# 40 gallon breeder photos



## tom g (Jul 8, 2009)

well here is some photos on my tank move , still not 100 % on location of stuff so feel free to leave a comment .thanks and sorry for the crappy pics i have not figured out how to take out the blue in the pics .
let me know 
tom

sorry had some issues ...lol


----------



## Riceburner (Mar 14, 2008)

I have to say those pics suck....cause there aren't any!


----------



## nate (Oct 14, 2011)

looks nice! rock scaping seems too vertical. have you thought of making it more gradual?


----------



## tom g (Jul 8, 2009)

*rockscape*

yes !!! been trying to pull the base rocks out but just letting tank and stuff settle down has been a week of hell around here ...thanks would like to find some shelf rock to make some shelves for frags .


----------



## Riceburner (Mar 14, 2008)

Nice setup.
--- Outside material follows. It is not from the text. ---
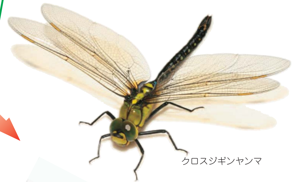
クロスジギンヤンマ

As for the blue tint, can you set the white balance manually with your camera? If not you will have to use a filter. Also make sure you only have one light source temp., just the tank light.


----------



## tom g (Jul 8, 2009)

*update*

just an update no photos as i have not had a chance to sit down and figure out how to get a crisp pic.....
sitting down today in front of my tank today and my clown started hosting my bubble tip annenome .... so i am not sure what kind of clown i have i got him from big als .and have had him for around a year and a half but today was the first day i have seen that activity ...i have to say was pretty excited .
cheers 
tom


----------



## tom g (Jul 8, 2009)

*tank update ... photos*

finally had a chance to get some decent pics ....


----------



## Taipan (Feb 12, 2012)

Nice......


----------



## Ciddian (Mar 15, 2006)

Love it tom!


----------



## Toofem (Jan 20, 2013)

*Very nice!!*

I need to get in on this thread to stalk your progress!!


----------



## thmh (Mar 17, 2011)

Ciddian said:


> Love it tom!


Wow tom you got Ciddian to post in the salt thread..... That mean your doing something right very nice progression!

PEWPEW!


----------



## bmc (Jun 3, 2011)

im being a copycat and following on this thread since i have the same 40g breeder.


----------



## tom g (Jul 8, 2009)

*tank*

thanks guys and gals im really happy things are going great so far since i had some bad luck .
cidd is one of the first people who gave me advice on starting out a small saltwater tank.i believe it was a 7.5 gal tank or so .
but feel free to ask questions on site or shoot me a pm .


----------



## Bantario (Apr 10, 2011)

Looks Great Tom!


----------



## fesso clown (Nov 15, 2011)

Super nice Tom, cool looking pink tip annenome!


----------



## 50seven (Feb 14, 2010)

Good work Tom! It's pretty nice for a 40G!


----------